Горькие яблоки - Оксана Олеговна Заугольная
— Мама ушла в сад, там снова эта мошка, — медленно ответил отец, испытующе оглядывая её своими темными до черноты глазами. Даже жаль, что ей не передались такие. Остается только пугать всех своими белесыми рыбьими зенками. Может, будь она черноглазой как отец или яркой блондинкой как Янка, Манфред не вернулся бы к жене… Нет, о Янке думать нельзя. Неизвестно, что там с ней, может, она вообще зря завидовала ей всё время.
Ладно хоть разговор с отцом складывался как надо. Сейчас обсудят мошку, новый урожай, и бежать домой. Лучше с немой ключницей говорить, чем пытаться объясниться со своими родителями. Не поймут. Никогда её не понимали.
— Когда внук родится? — неожиданно прервал её мысли отец. — Что ты вылупилась, козочка? Думаешь, я не вижу, как ты живота ненароком касаешься?
«Козочкой» отец звал её с детства, только тогда Радка ужасно злилась. У коз глаза страшные, голос противный и шерсть жесткая. Это теперь она понимала, что говорил он это ласково. Нежничал как умел, такой уж человек.
— По весне, как снег сойдет, — пробормотала она, потупив взгляд. Так говорил лекарь, а лекарю можно было доверять — все деревенские женщины рожали у него, а потом их дочери… Лекарь никогда не ходил к колодцам, но многие были уверены, что его яблоко непременно утонуло бы. Руки у него были золотые.
— Хорошо, — пробормотал отец, тоже глядя вниз, на руки. — Весенние ребятишки сильные и крепкие. Счастливым будет. На мужа будет похож?
Радка моргнула и едва-едва успела прикинуться возмущенной. Вскочила даже.

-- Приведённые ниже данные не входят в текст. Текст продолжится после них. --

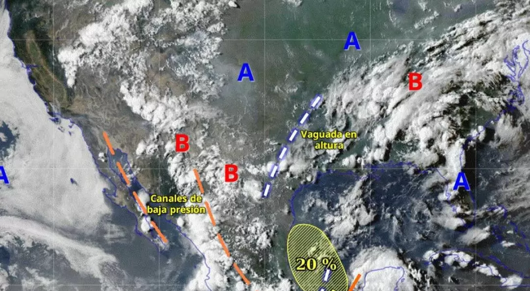 Además, la onda tropical número 22 se desplazará sobre el sureste y oriente de la República Mexicana, continuando asociada a una zona de baja presión con probabilidad de desarrollo ciclónico en la Sonda de Campeche. También se espera un canal de baja presión sobre la península de Yucatán, lo que provocará lluvias fuertes a muy fuertes en estas regiones.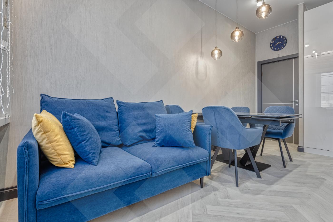 Планировка: просторная кухня-гостиная, спальня, гардеробная комната, сан. узел.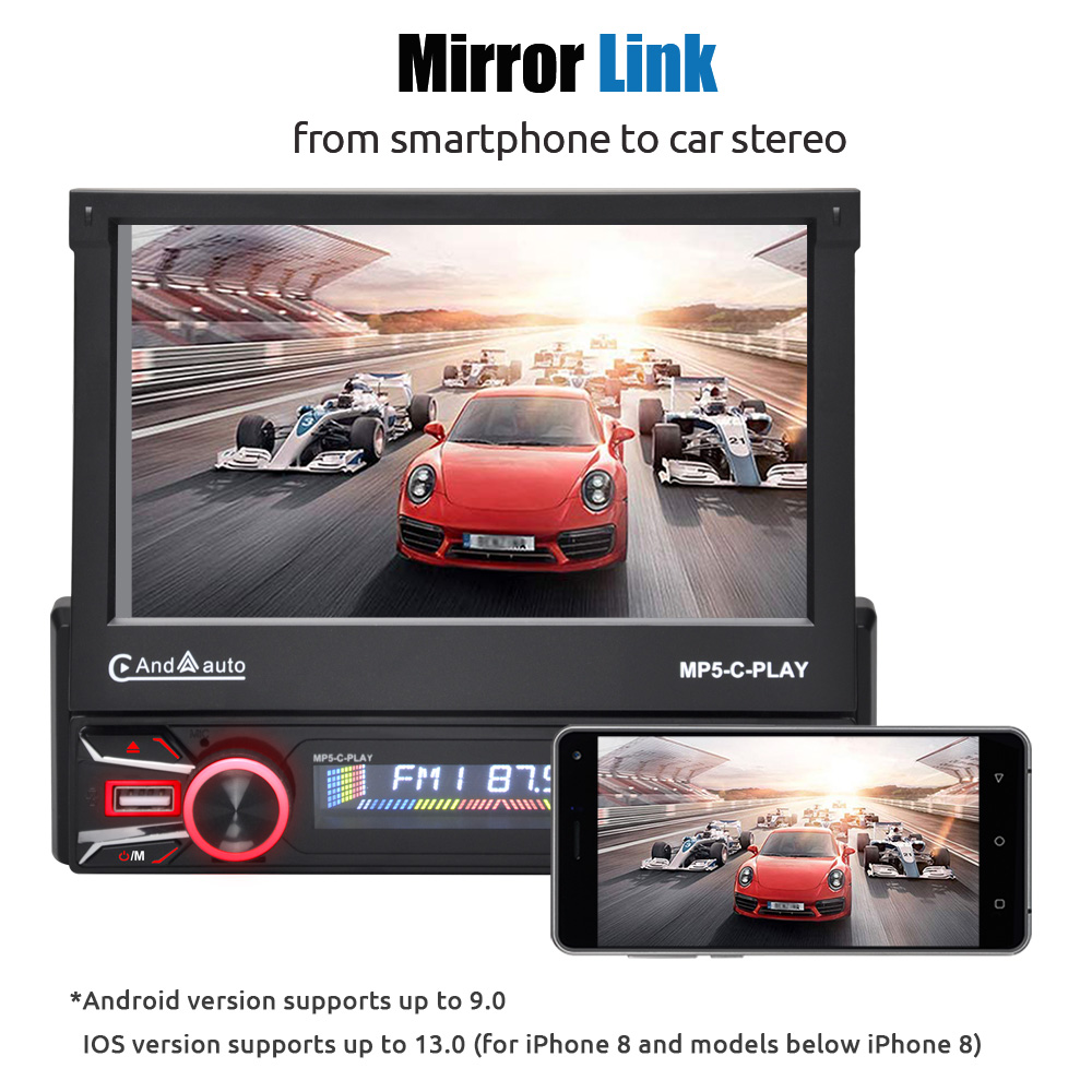 Mirror Link For Android&IOS---Mirroring your mobile phone to the car audio,then you could use GPS nagaviation or watch video,ect. IOS & Android phone can be connected via USB data cable. If you are a Android user,before connecting the mirror link,you need to set some permissions in the developer options.Support IOS system below 12 version, Android system 4.0-9.0 version.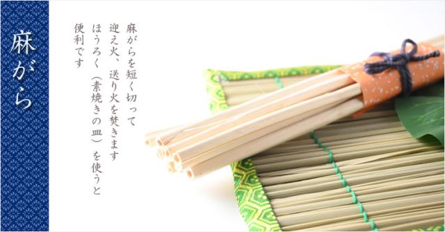 ・麻がら:ほうろくなどのお皿の上で迎え火、送り火を焚きます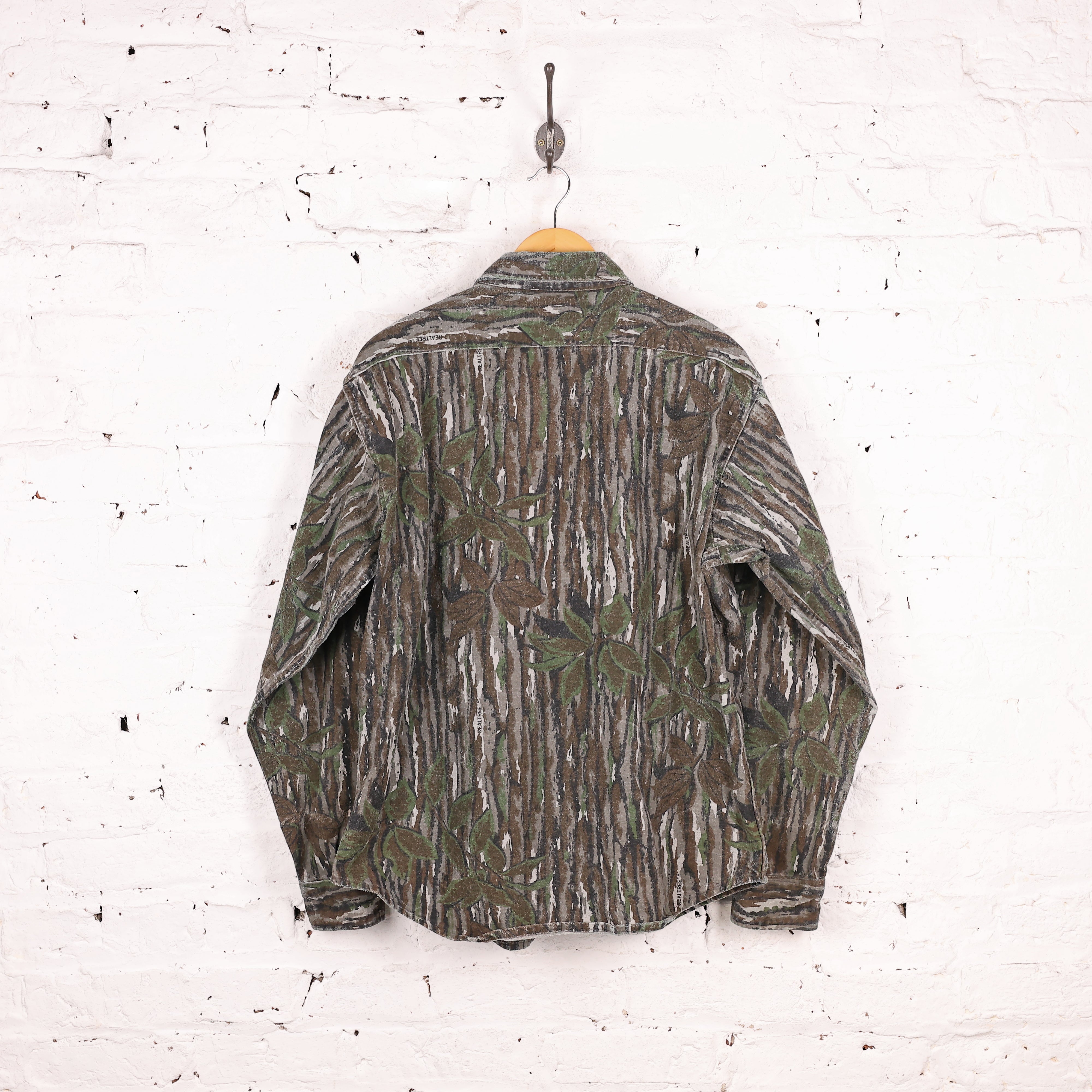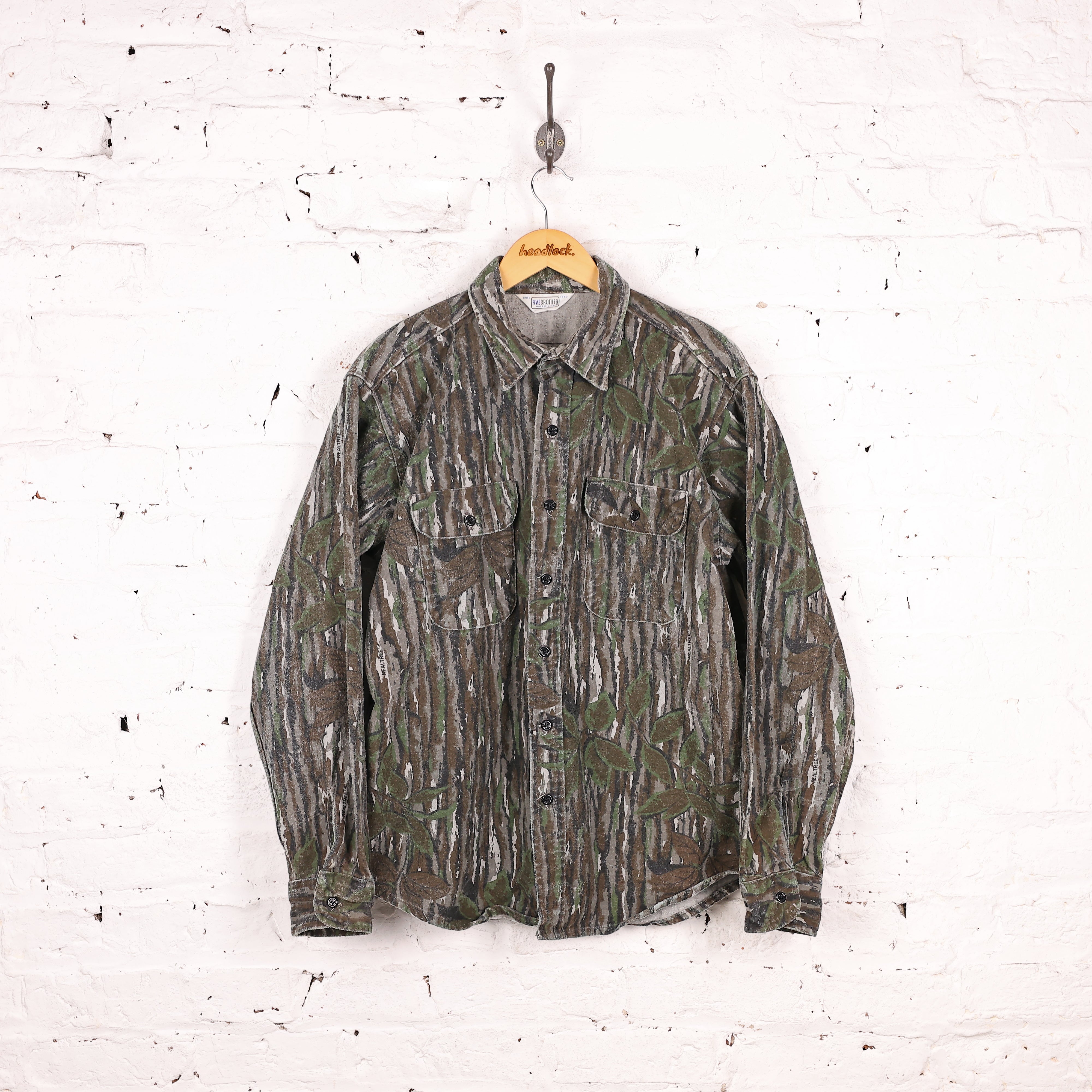 Good condition. Real tree camouflage shirt in green and brown with two chest pockets.

— Ну, знаешь ли, отец! — голос отказал ей, и возмущение вышло похожим на писк.
— Знаю, — теперь тот смотрел снизу вверх на неё, но прямо в глаза. — Масть у ребенка такая же будет как у Хенрыка или нет?
Почему-то снова возмутиться у Радки никак не получалось. Накатила усталость и какая-то безысходность. Хотелось тихонько поплакать, но она плакала только у колодцев и больше никогда. Снова к колодцу она не пойдет — мало ли, вдруг горькое яблоко навредит нерожденному малышу. Вместо этого она вспомнила шелковистые светлые волосы Манфреда — с виду почти одного цвета с её собственными, а наощупь — ничего общего с её паклей. Хенрык уже поседел, но, как она смутно помнила, он не был темноволосым. Да и в целом что-то общее в его лице прослеживалось с лицом любовника. Может, то, что у обоих не было каких-то особых отличий вроде длинного носа или маленьких глазок. Только при этом Хенрык был толстым и обрюзглым. И старым, да. А вот Манфред… Она снова вздохнула и торопливо ответила:
— Такой же, — вроде бы просто, чтобы отец не подумал не так про её печальный вздох, а на деле только ответив, поняла, что окончательно сдала себя и свои похождения. Что теперь будет? Неужели отец расскажет Хенрыку? Старый увалень не был злым, но рука у него была тяжелая, и уж за измену Радка могла испытать ее тяжесть на себе. А ей никак нельзя — если что-нибудь случится с ребенком, она уже никогда не попадет в мир магиков. — Ты расскажешь?..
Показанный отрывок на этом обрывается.